Des moments de pure tension, il y en a de plus en plus dans cette saison, et on tremble littéralement face aux situations auxquelles les protagonistes sont confrontés. Surtout, la saison 2 s'offre un final totalement grandiloquent, Debailly allant confronter, dans une mission suicide - en tout cas qui en l'apparence - des membres de l'État Islamique. Mais, ici encore, la série est assez bien écrite pour que l'on croit à cette géniale conclusion autour d'une partie d'échecs.

Impossible, en parlant du Bureau des légendes, de ne pas mentionner ses acteurs. Tous, sans exception, sont impeccables. Mathieu Kassovitz, notamment, semble fait pour ce rôle, et note avec son habituel cynisme qu'il reçoit plus d'éloges pour un "simple" rôle, que pour un film auquel il consacré trois ans de sa vie (L'Ordre et la morale, qu'on vous recommande vivement). Sans faire de liste exhaustive, citons aussi Léa Drucker, depuis lauréate d'un César de la meilleure actrice amplement mérité, et Sara Giraudeau dont on parlait plus haut. Enfin, Jean-Pierre Darroussin, dont l'humanité transparaît comme d'habitude à travers l'écran (et qu'on avait interviewé en novembre dernier), est peut-être le plus touchant des personnages des trois premières saisons ...

Le bureau des légendes

Une saison 3 du Bureau des légendes explosive

La troisième saison du Bureau des légendes est sans conteste notre préférée. Plus que jamais, les agents très spéciaux sont en danger, et le spectateur ne sait pas par quels moyens ceux-ci peuvent sortir de leur bourbier. Loiseau est suspectée puis démasquée par le Mossad ; de son côté, Debailly est prisonnier de Daech. Non seulement l'équipe derrière la série se risque à filmer des ennemis contemporains très peu représentés dans la fiction (encore moins française), mais en plus elle le fait avec brio.

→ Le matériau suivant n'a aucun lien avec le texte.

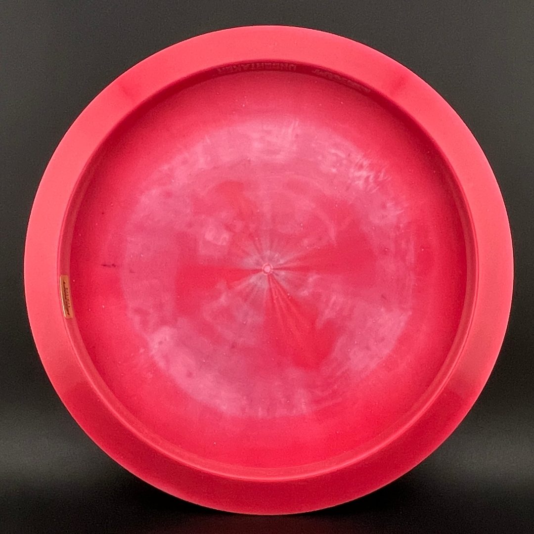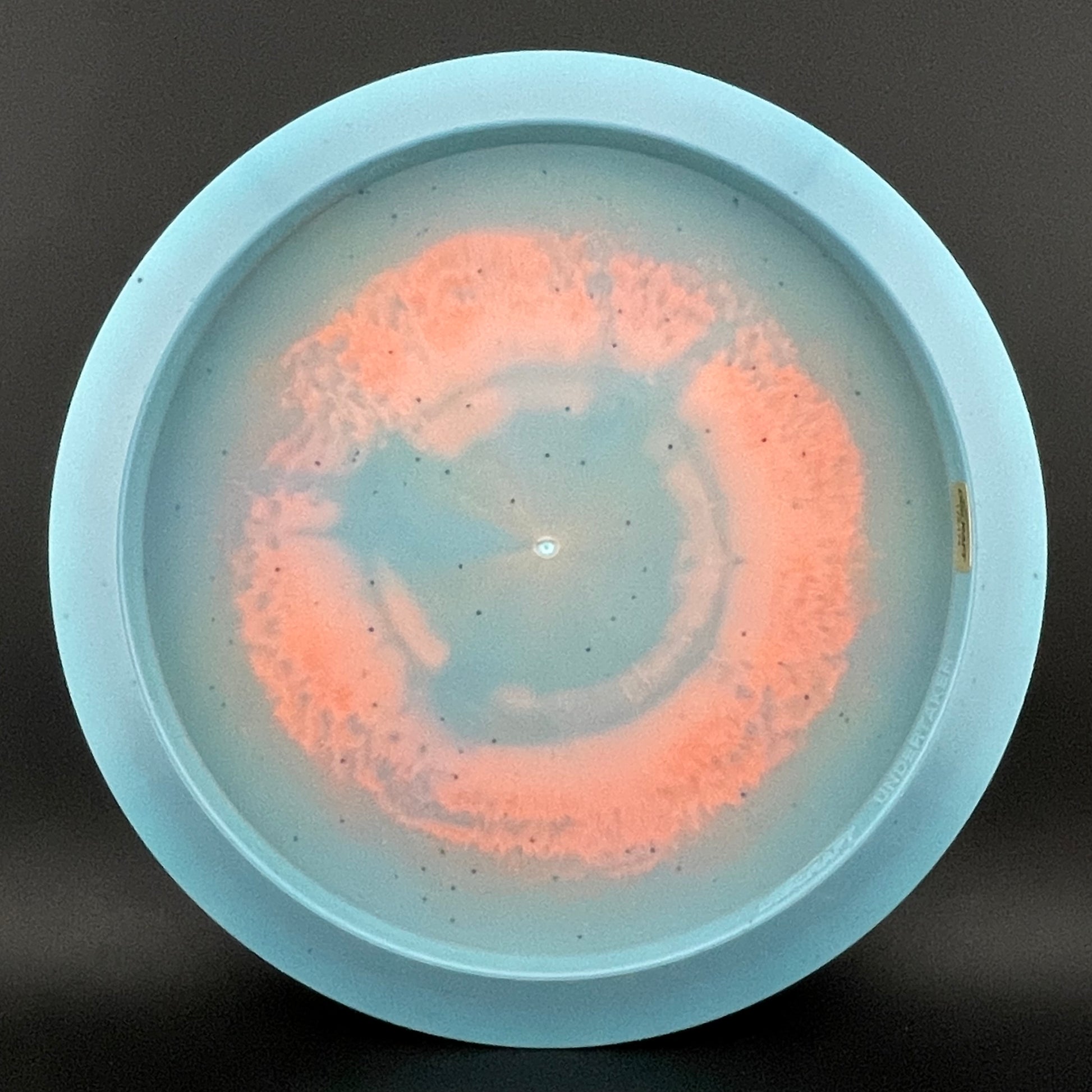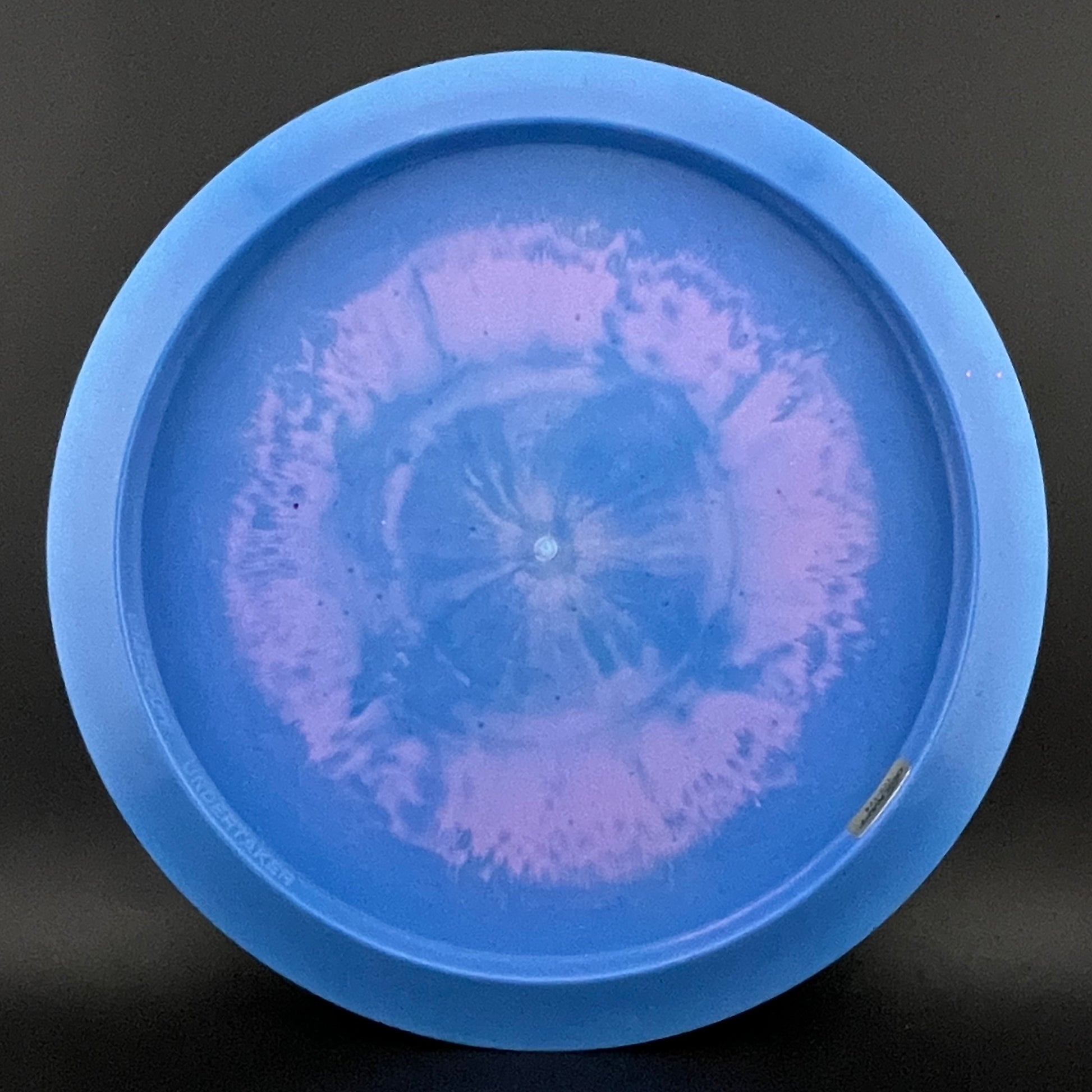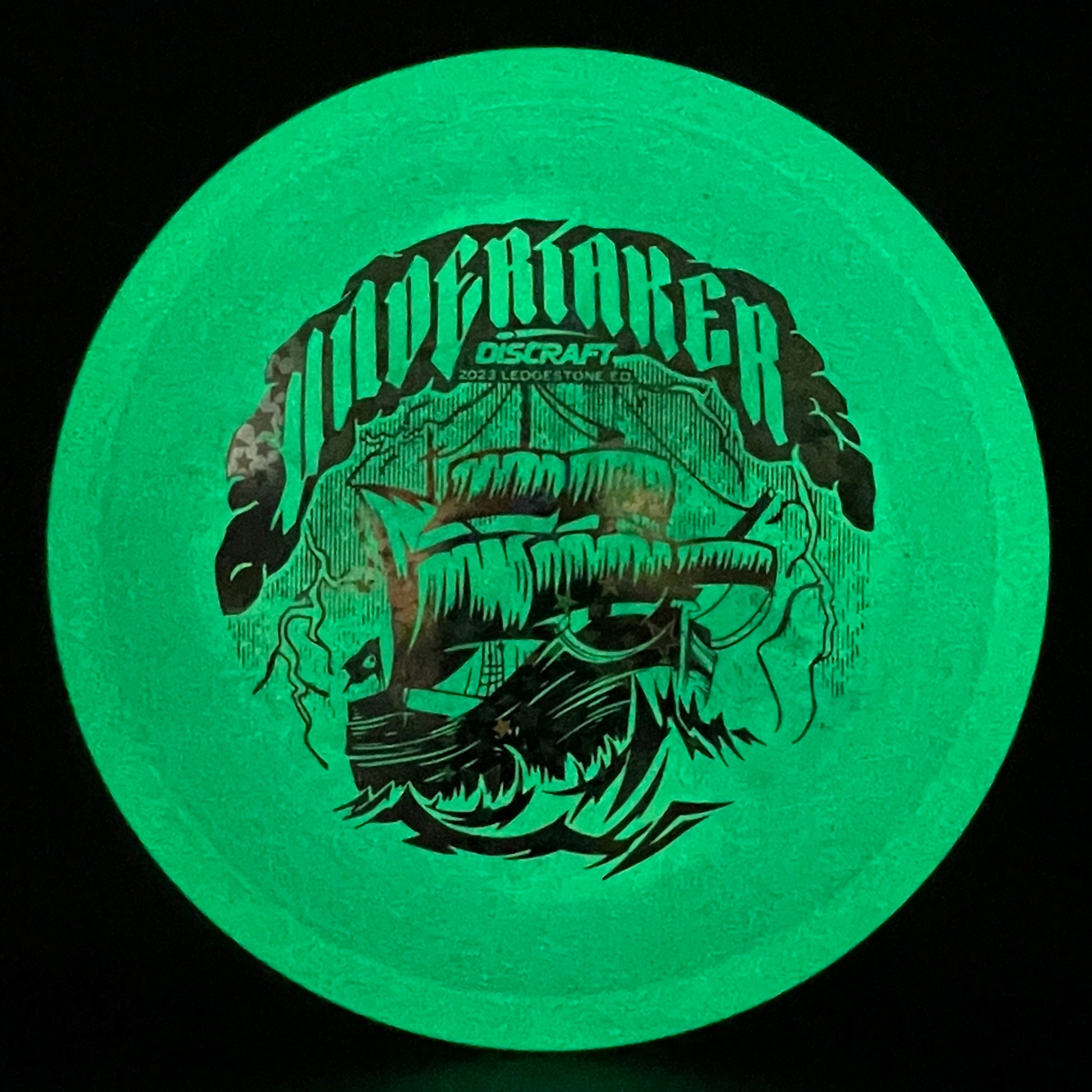 This fairway driver has a moderately overstable flight, but is great for battling the wind. It holds a hyzer line well, but can also be thrown flat to provide a high-speed turn before fading out with an overstable finish. It is popular for both forehand and backhand players with a comfortable rim grip. These Undertakers have a slight give in the hand and feel comfortable on release in the tackiness of the ESP plastic. The Glo portion makes this run vibrant at night but also maintains the consistent overstable fade at the tail end of flight. The stamp features “Undertaker” in the midst of a menacing storm cloud as lightning strikes, thunder claps, and a raging sea torments a brave seafaring vessel below. This was part of a run of 1500 discs

Pendant toute la saison, Debailly essaie à plusieurs reprises d'échapper à ses geôliers, tout en étant considéré comme un traître par son propre pays. En résulte des scènes de tension incroyables, mettant les nerfs du spectateur à rude épreuve. Là-encore, le programme ne recule pas devant sa grande ambition, et il a bien raison : avec sa troisième saison, la série s'impose comme incontournable. Dix épisodes placés sous le signe de l'épique comme du tragique, mais aussi d'une inévitable mélancolie, qui se poursuit à la saison suivante.

La suite ... et la fin ?

La conclusion de la saison 3 aurait pu constituer une très belle fin de série, et se ressentait comme telle, tout comme la fin de la saison 4 n'en appelait pas forcément une supplémentaire. Mais finalement, difficile de bouder son plaisir : à l'instar d'autres grandes séries, Eric Rochant emmène la sienne vers de nouveaux horizons, ne cherchant pas à s'aventurer sur les mêmes territoires. Debailly, qui continue d'avoir une vie tragique, se retrouve à travailler pour les services secrets russes, le FSB, tandis qu'un nouveau cadre de l’administration (une formulation très franco-française !) du bureau qui s'occupe des "légendes" va tout faire pour le neutraliser, voire l'éliminer.

Centrée sur la cyber-guerre, cette nouvelle saison se concentre en toute logique sur une facette plus informatique, et tout aussi redoutable, des questions géopolitiques. Elle arrive ainsi à se réinventer, et encore une fois sa fin nous emmenait à penser qu'elle serait la dernière partie. C'est dire si nous sommes curieux de voir ce que va donner la saison 5 : quelles territoires allons nous explorer ? Le statut de Debailly à la fin de la saison 4 est-il définitif ? C'est peut-être à cela qu'on reconnaît les grandes séries : à leur capacité de constamment nous surprendre, à toujours nous tenir en haleine. Tels les agents qui y sont mis en scène, Le Bureau des légendes a le talent pour mettre à mal nos certitudes - et le pire, c'est qu'on en est ravis !

Le Bureau des légendes saison 5, à partir du 5 avril 2020 sur Canal +.